* **Provided information**
- - - - -
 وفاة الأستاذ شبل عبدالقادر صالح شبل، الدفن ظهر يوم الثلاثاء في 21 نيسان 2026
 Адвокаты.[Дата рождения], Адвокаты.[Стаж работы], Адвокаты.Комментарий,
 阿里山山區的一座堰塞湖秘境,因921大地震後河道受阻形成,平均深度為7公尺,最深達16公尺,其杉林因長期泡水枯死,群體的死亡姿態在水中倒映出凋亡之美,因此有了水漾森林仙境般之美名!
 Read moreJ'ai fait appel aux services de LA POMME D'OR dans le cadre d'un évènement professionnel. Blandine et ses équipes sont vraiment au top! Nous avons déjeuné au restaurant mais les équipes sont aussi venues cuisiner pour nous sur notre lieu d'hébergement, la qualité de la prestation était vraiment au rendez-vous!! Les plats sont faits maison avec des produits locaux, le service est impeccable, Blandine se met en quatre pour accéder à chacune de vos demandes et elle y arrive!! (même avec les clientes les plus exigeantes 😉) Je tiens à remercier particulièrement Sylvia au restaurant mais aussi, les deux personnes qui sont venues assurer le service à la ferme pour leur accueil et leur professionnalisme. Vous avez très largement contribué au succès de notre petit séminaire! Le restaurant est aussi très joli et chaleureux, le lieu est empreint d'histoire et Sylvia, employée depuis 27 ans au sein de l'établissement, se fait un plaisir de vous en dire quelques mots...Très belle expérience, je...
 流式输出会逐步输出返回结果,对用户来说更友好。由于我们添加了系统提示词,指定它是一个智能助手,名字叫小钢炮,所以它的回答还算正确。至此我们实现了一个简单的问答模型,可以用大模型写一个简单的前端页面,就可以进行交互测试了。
- - - - -
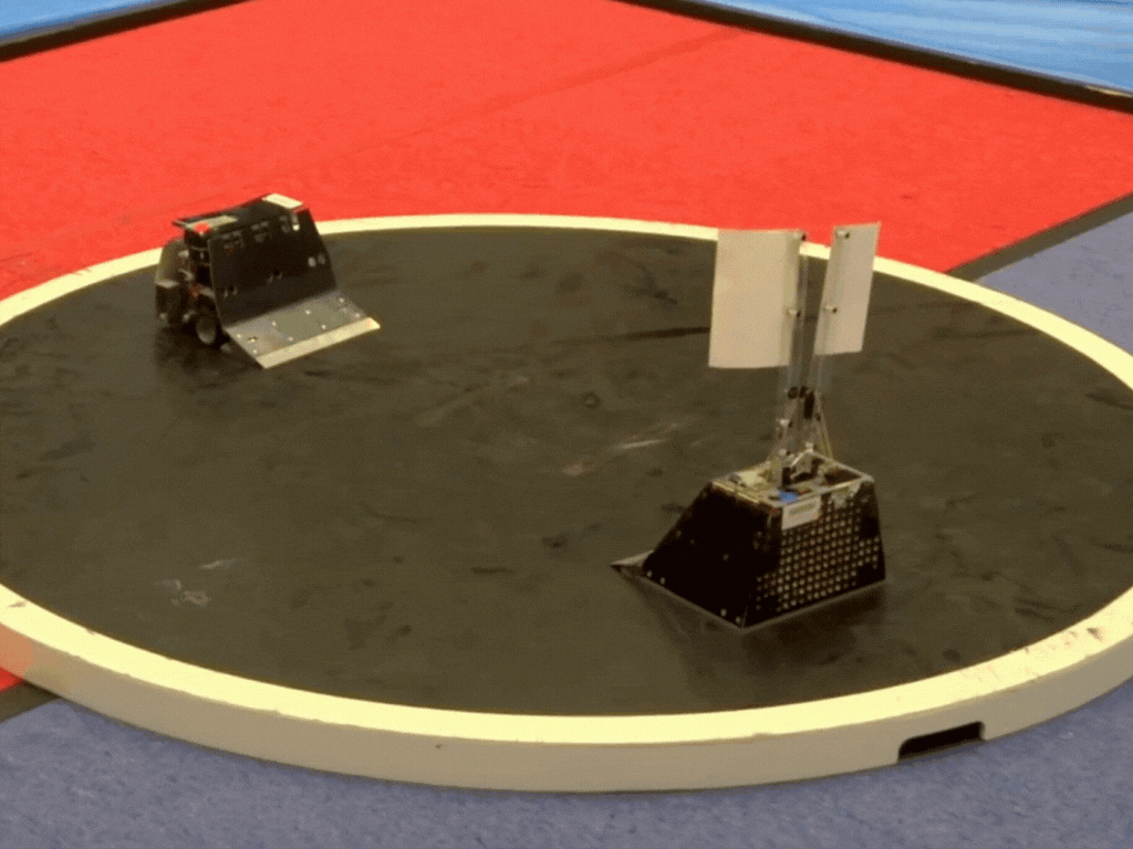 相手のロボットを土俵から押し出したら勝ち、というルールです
- - - - -
* **What to do**
Keeping every character as it is, restate the lines above that run from the line with "阿里山山區的一座堰塞湖秘境,因921大地" through the line with "流式输出会逐步输出返回结果,对用户来说更", both included, and nothing else.

* **Answer to the problem**
 阿里山山區的一座堰塞湖秘境,因921大地震後河道受阻形成,平均深度為7公尺,最深達16公尺,其杉林因長期泡水枯死,群體的死亡姿態在水中倒映出凋亡之美,因此有了水漾森林仙境般之美名!
 Read moreJ'ai fait appel aux services de LA POMME D'OR dans le cadre d'un évènement professionnel. Blandine et ses équipes sont vraiment au top! Nous avons déjeuné au restaurant mais les équipes sont aussi venues cuisiner pour nous sur notre lieu d'hébergement, la qualité de la prestation était vraiment au rendez-vous!! Les plats sont faits maison avec des produits locaux, le service est impeccable, Blandine se met en quatre pour accéder à chacune de vos demandes et elle y arrive!! (même avec les clientes les plus exigeantes 😉) Je tiens à remercier particulièrement Sylvia au restaurant mais aussi, les deux personnes qui sont venues assurer le service à la ferme pour leur accueil et leur professionnalisme. Vous avez très largement contribué au succès de notre petit séminaire! Le restaurant est aussi très joli et chaleureux, le lieu est empreint d'histoire et Sylvia, employée depuis 27 ans au sein de l'établissement, se fait un plaisir de vous en dire quelques mots...Très belle expérience, je...
 流式输出会逐步输出返回结果,对用户来说更友好。由于我们添加了系统提示词,指定它是一个智能助手,名字叫小钢炮,所以它的回答还算正确。至此我们实现了一个简单的问答模型,可以用大模型写一个简单的前端页面,就可以进行交互测试了。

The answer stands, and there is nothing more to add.